Kitchell’s legacy with Mayo Clinic helped shape the foundation of world-class healthcare in Arizona. The partnership began in 1987 with the construction of Mayo’s first facility in the state—an outpatient clinic in Scottsdale—and evolved over nearly four decades into a series of technically demanding projects that expanded Mayo’s footprint across the Southwest. Among them: Arizona’s first Mayo Clinic hospital, completed in 1998, which was also the first in the nation designed entirely by Mayo physicians and staff. From complex infrastructure to vertical expansions, Kitchell’s work has left a lasting mark on the built environment supporting one of the nation’s most respected medical institutions.
Breaking New Ground in Desert Healthcare
The relationship began with a milestone moment. In 1987, Kitchell constructed Mayo Clinic’s first-ever facility in Arizona—an achievement that established Mayo’s presence in the Southwest. When the Scottsdale clinic opened its doors on June 29, it launched with 47 physicians and 225 allied health staff, and had already booked 1,800 patient appointments before the clinic’s opening day (Mayo Clinic, 2012). More than a single project, the project marked the beginning of a collaboration that would evolve alongside Mayo’s regional growth.
By 1995, that foundation led to one of Mayo Clinic’s most ambitious undertakings: its first hospital in the nation designed entirely by its own physicians and staff. Kitchell was selected by the Board of Trustees to bring that vision to life, delivering a 440,000-square-foot hospital and central plant on a 200-acre desert site in Phoenix, Arizona. Completed on time and within budget, the facility reflected Mayo’s uncompromising standards for quality, functionality, and care.
Meanwhile, progress also continued back at the original Scottsdale clinic, with the design-build delivery of the first additional concourse and underground parking structure. The 244,000-square-foot addition featured angled parking, wide drive aisles, superior lighting, and four times the shell space offered by competing proposals—raising the bar for healthcare campus design.
That ingenuity extended to construction methods as well. When faced with the challenge of cutting through 29 feet of vertical wall, Kitchell deployed a modified pipeline trencher to complete perimeter wall construction and shoring in a single operation. The result: five weeks saved and zero disruption to hospital operations—a project highlight that reinforced Kitchell’s reputation for creative problem-solving and seamless execution in highly-sensitive environments.
Vertical Expansion in a Live Environment
In the following decade, the Phoenix hospital campus underwent a vertical expansion that added more than 104,000 square-feet across two new floors built directly above the active hospital. The program included six new operating rooms, 36 inpatient beds, expanded emergency and dining areas, and five new elevators extending the existing core.
Executing this scope in a fully operational medical environment required extraordinary precision. Construction start times were shifted to reduce disruption, major structural work was timed for periods of lower patient volume, and close coordination ensured uninterrupted access to clinical services throughout the build.
What emerged wasn’t just a vertical expansion—it was a disciplined feat of engineering, executed within an active hospital with the focus and precision of an operating room.
A Track Record of Technical Delivery
Since the original clinic, Kitchell has completed more than 80 projects across Mayo Clinic’s Arizona campuses—from radiology and lab upgrades to nuclear medicine suites, shielded imaging rooms, and critical infrastructure improvements. Across each, the goal remains the same: create environments that support advanced care while preserving operational continuity.

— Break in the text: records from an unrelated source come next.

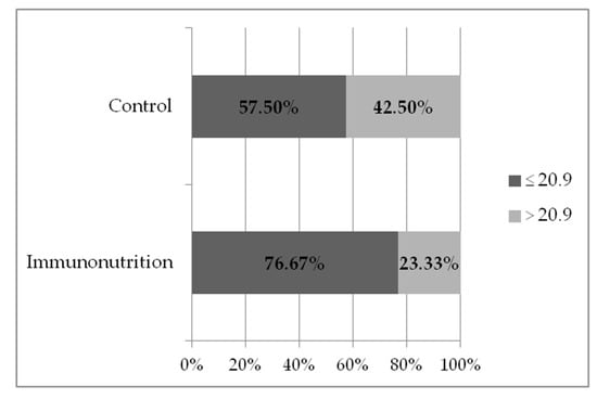 Rate of severe and/ or multiple complications (CCI > 20.9) in immunonutrition vs. control groups (n = 70) (p = 0.006).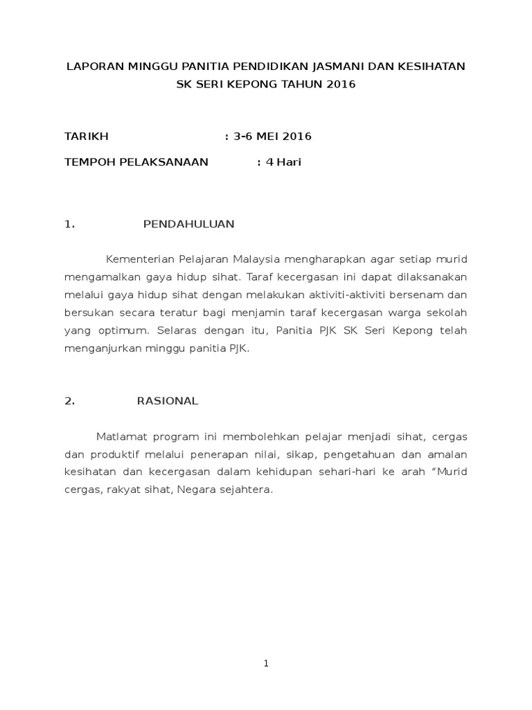 Laporan Minggu Panitia Pendidikan Jasmani Dan Kesihatan Sk Seri Kepong Tahun 2016 Pdf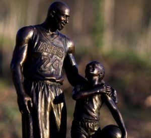 The bronze statue depicts Kobe and Gigi wearing basketball uniforms and sharing a loving glance as Gigi holds her father’s hand as it rests on her shoulder.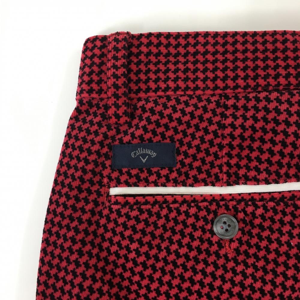 【超美品】キャロウェイ パンツ レッド×黒 総柄 表起毛 ストレッチ メンズ L ゴルフウェア Callaway
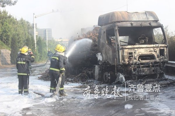 5月24日05时27分,临沂市消防支队临沭县大队指挥中心接到报警电话:长深高速临沭县停车服务区道路西侧,两辆满载货物的半挂车起火,火势较大,请求紧急救援。接到警情后,立即调派郑山中队4辆消防车25名消防指战员赶赴现场救援。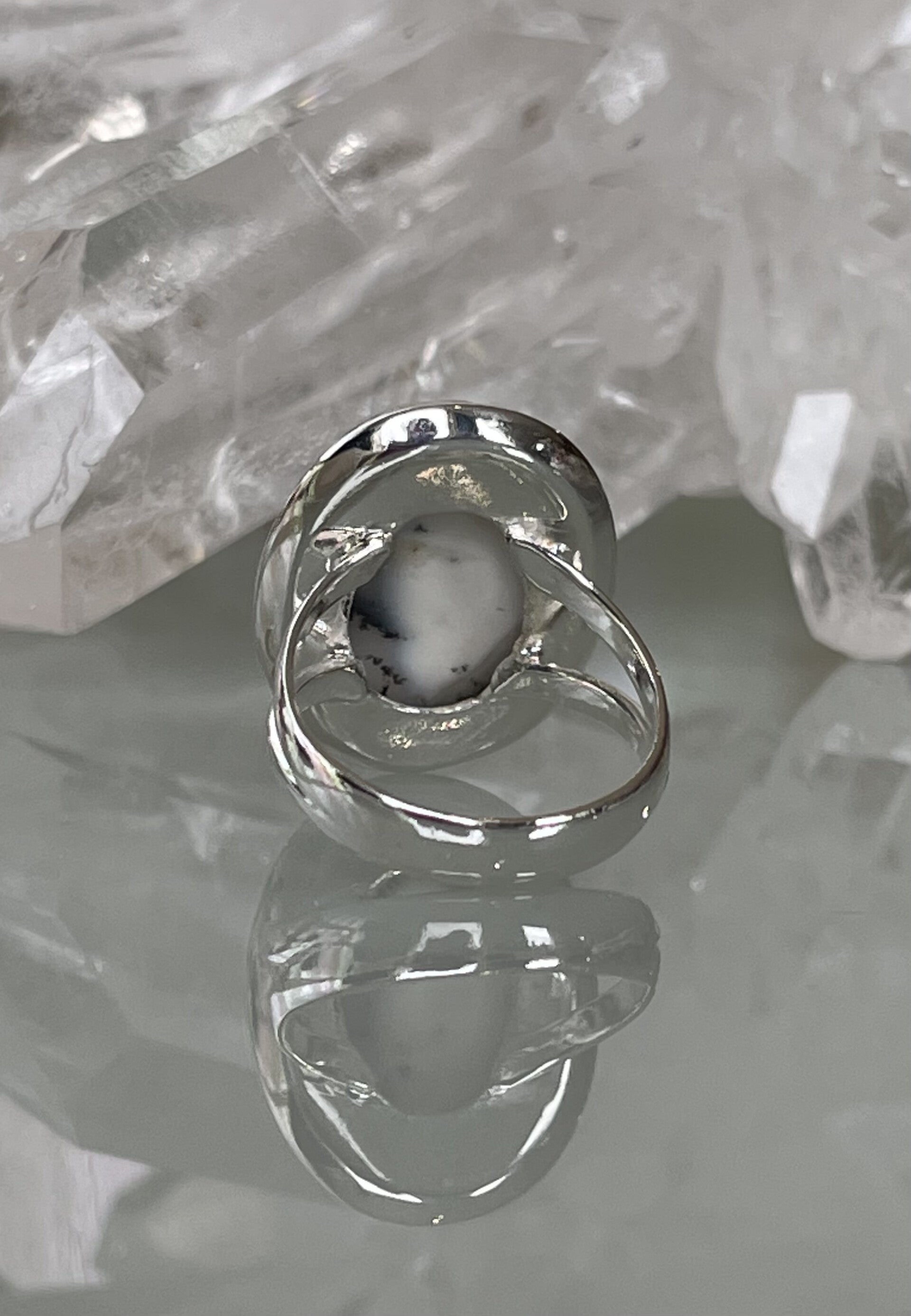 Dendriet Agaat ring cabochon ovaal, maat 16,6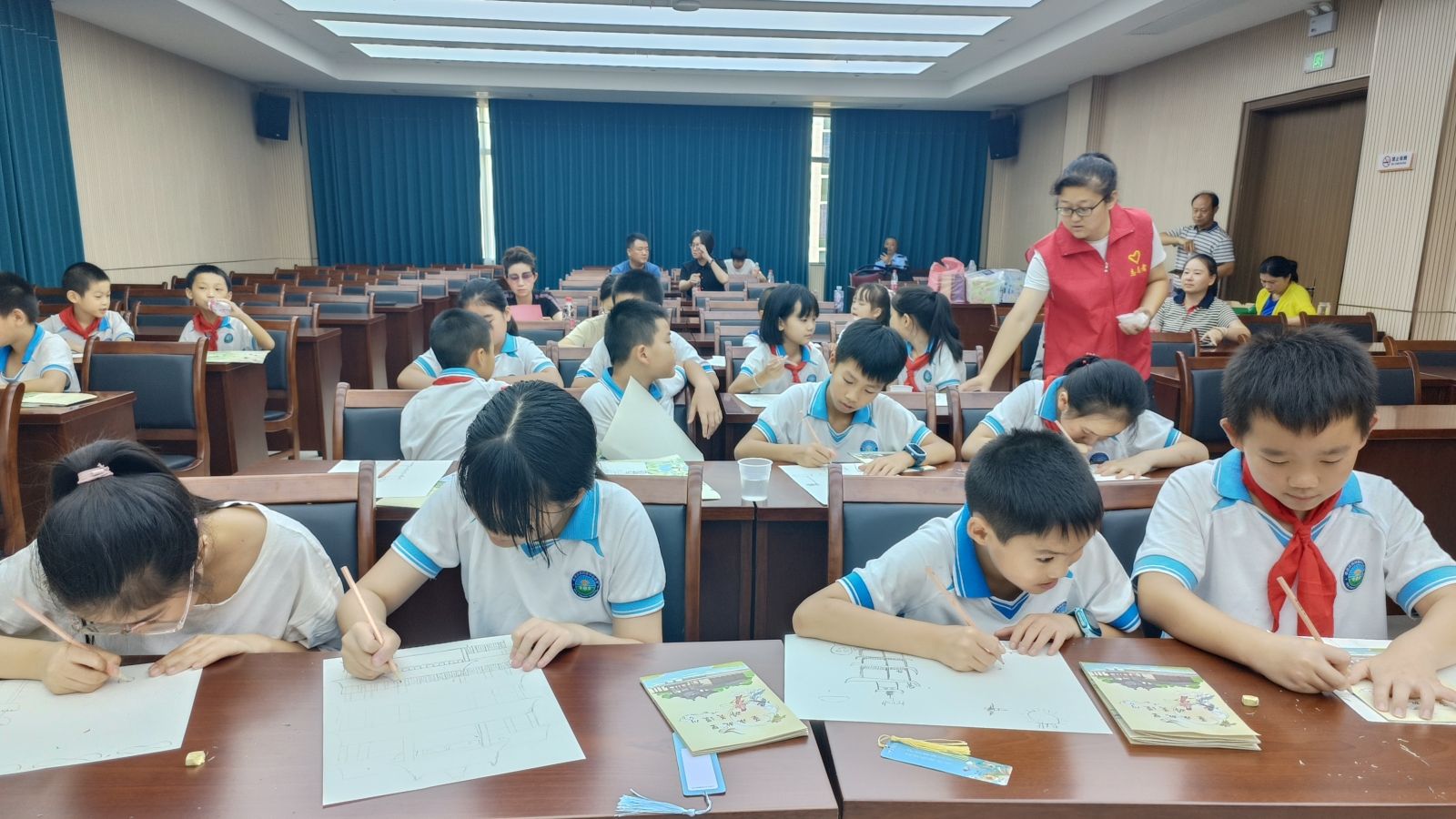 孝南区图书馆孙润之老师以“记忆中的老澴河之文昌阁”为主题给学生们上了一节生动有趣的文化课,讲解了孝感地区标志性建筑——文昌阁,指导学生们用桌上的画笔勾勒出文昌阁。小朋友们兴致高昂,在老师的引导下陆陆续续完成了自己的作品,赢得了现场工作人员及老师的称赞,也从绘画中深刻感受到了孝感的“文化味”。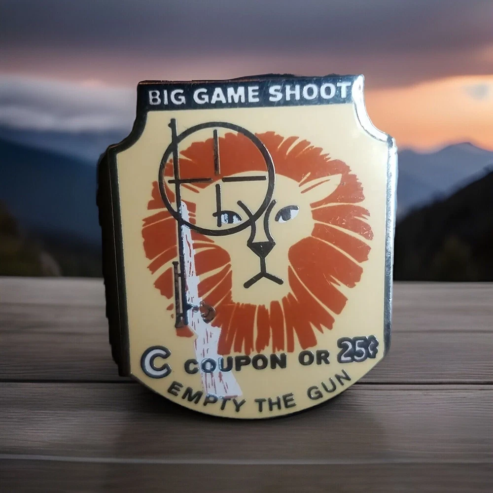 40142 Disney Direct 50th Anniversary Adventureland Set Big Game Shoot gun X55. Condition is New. Shipped with USPS First Class Package. This silver-metal pin shows a lion, a rifle, and scope crosshairs. It also reads: "Big Game Shoot," "C Coupon or 25¢," and "Empty the Gun." Backstamp includes: the Disneyland 50th Anniversary castle logo with a star over it, "LE 1500," a sylized "© Disney," and "China." From set 39972. Individual Pins from set: 40137, 40138, 40139, 40141, 40142, 40143, 40144, 40145 Origin: DisneyCatalog/DisneyShopping/DisneyStore Limited Edition: 1500 SKU Number: 95570 (set) Original Price: $34.95 (for set) Released: July 15, 2005 Keyword Lion king Gun shoot jungle animal kingdom simba mufasa scar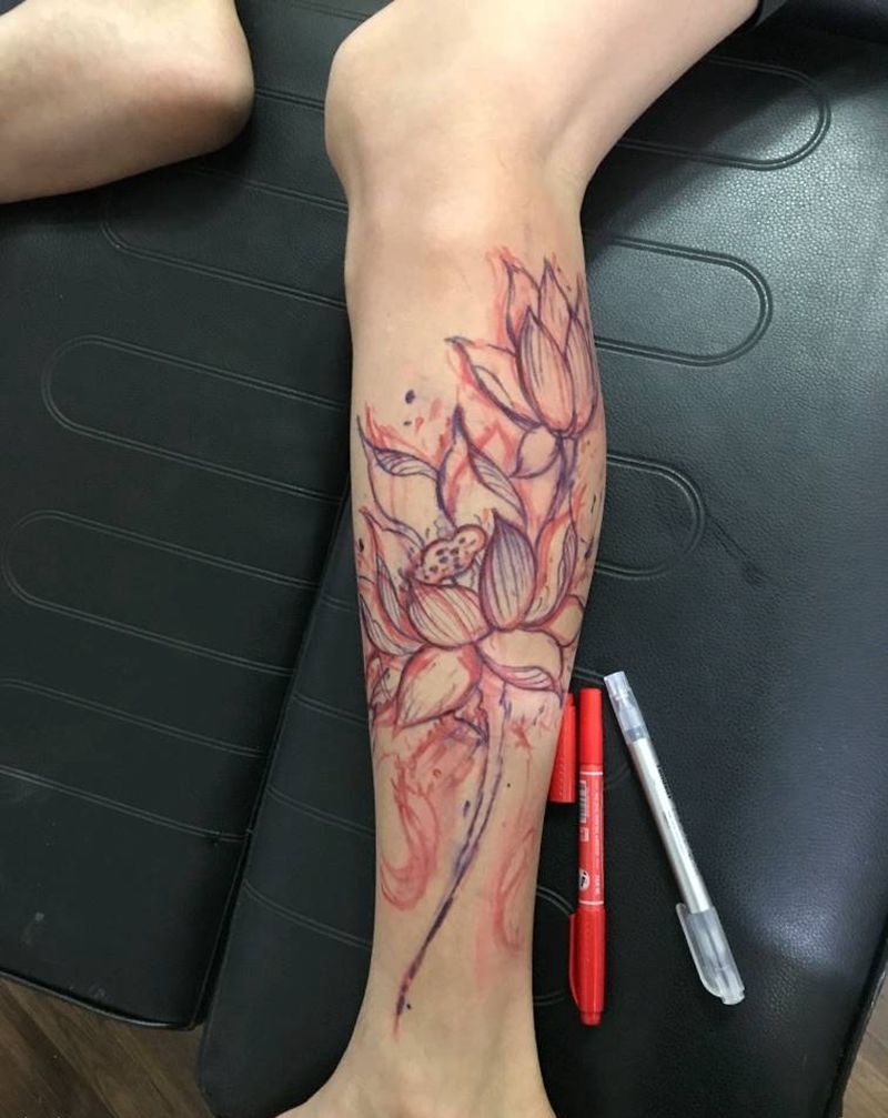 荷花纹身图片_腿部水彩水墨植物纹身图案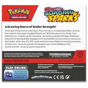 A box booster Pokémon TCG: Scarlet & Violet – Surging Sparks reúne 36 pacotes de booster da expansão Surging Sparks, indicada para jogadores e colecionadores que desejam ampliar rapidamente sua coleção com cartas da série Scarlet & Violet. Cada booster traz cartas aleatórias, incluindo Pokémon, Treinadores e Energias, permitindo montar e aprimorar baralhos temáticos ou competitivos. ? A expansão Surging Sparks contém mais de 250 cartas, incluindo mais de uma dúzia de Pokémon ex, novos cards ACE SPEC e mais de 50 cartas de Pokémon e Treinadores com ilustrações especiais, o que torna a coleção atrativa tanto para uso em jogo quanto para exposição em pastas e vitrines. O produto é recomendado para jogadores a partir de 8 anos e segue o padrão oficial de cartas do Pokémon TCG. ? Ficha Técnica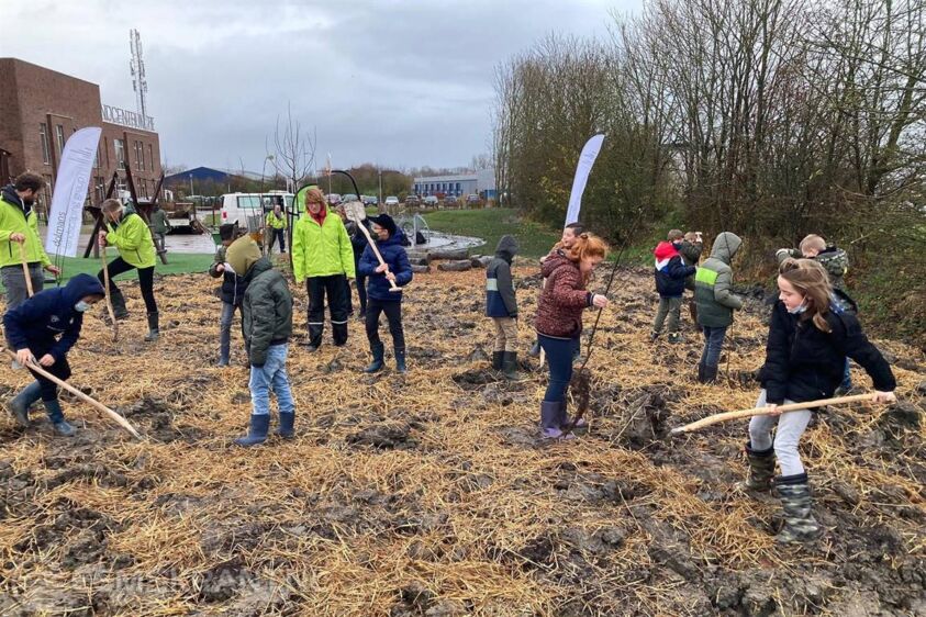 Ten Boer – Basisschoolleerlingen in Ten Boer plantten op 30 november, samen met IVN Natuureducatie, een Tiny Forest op het schoolplein van het nieuwe Kindcentrum Ten Boer. OBS De Huifkar, CBS De Fontein en kinderopvang Kids2b kunnen over een tijdje dus allemaal gebruikmaken van dit minibos met buitenlokaal. Een Tiny Forest is een groene oase ter grootte van een tennisbaan: 600 boompjes (30 soorten) op 200 m2. Waar bomen groeien, insecten zoemen en egels kunnen schuilen. Een plek waar kinderen leren over de natuur en les krijgen in het buitenlokaal.

This work has included over 400 miles of structured cabling, complex HVAC and MEP systems, and the expansion of highly specialized diagnostic spaces. With experience in both general contracting and design-build delivery, Kitchell has long been trusted to execute some of Mayo Clinic’s most technically demanding healthcare projects—requiring deep expertise, clinical foresight, seamless coordination, and the flexibility to build without disrupting patient care.
Kitchell’s expertise extended into academic medicine with the 2017 construction of the Mayo Clinic Alix School of Medicine in Scottsdale—the first medical school in Arizona. The 18,000-square-foot facility was designed to foster innovation and hands-on learning, featuring advanced simulation labs and collaborative spaces with panoramic views of the McDowell Mountains. Purpose-built to support Mayo’s forward-thinking curriculum in healthcare delivery and biomedical informatics, it remains one of only five medical schools in the state, underscoring Kitchell’s role in shaping the future of healthcare and medical education.
A Shared Vision for Healing Spaces
What began with Kitchell building Mayo Clinic’s first Scottsdale facility in 1987—a pioneering clinic in the desert—has become a defining chapter in our 75-year history. Built on shared values, mutual trust, and a commitment to excellence, the relationship between Mayo Clinic and Kitchell continues to elevate healthcare infrastructure across the region.
As medicine advances, so has Kitchell’s role in shaping it—each project building on the last, each solution reinforcing a vision for what healthcare environments can and should be. These efforts have delivered more than cutting-edge facilities. They’ve created spaces that heal, educate, and drive innovation for generations to come.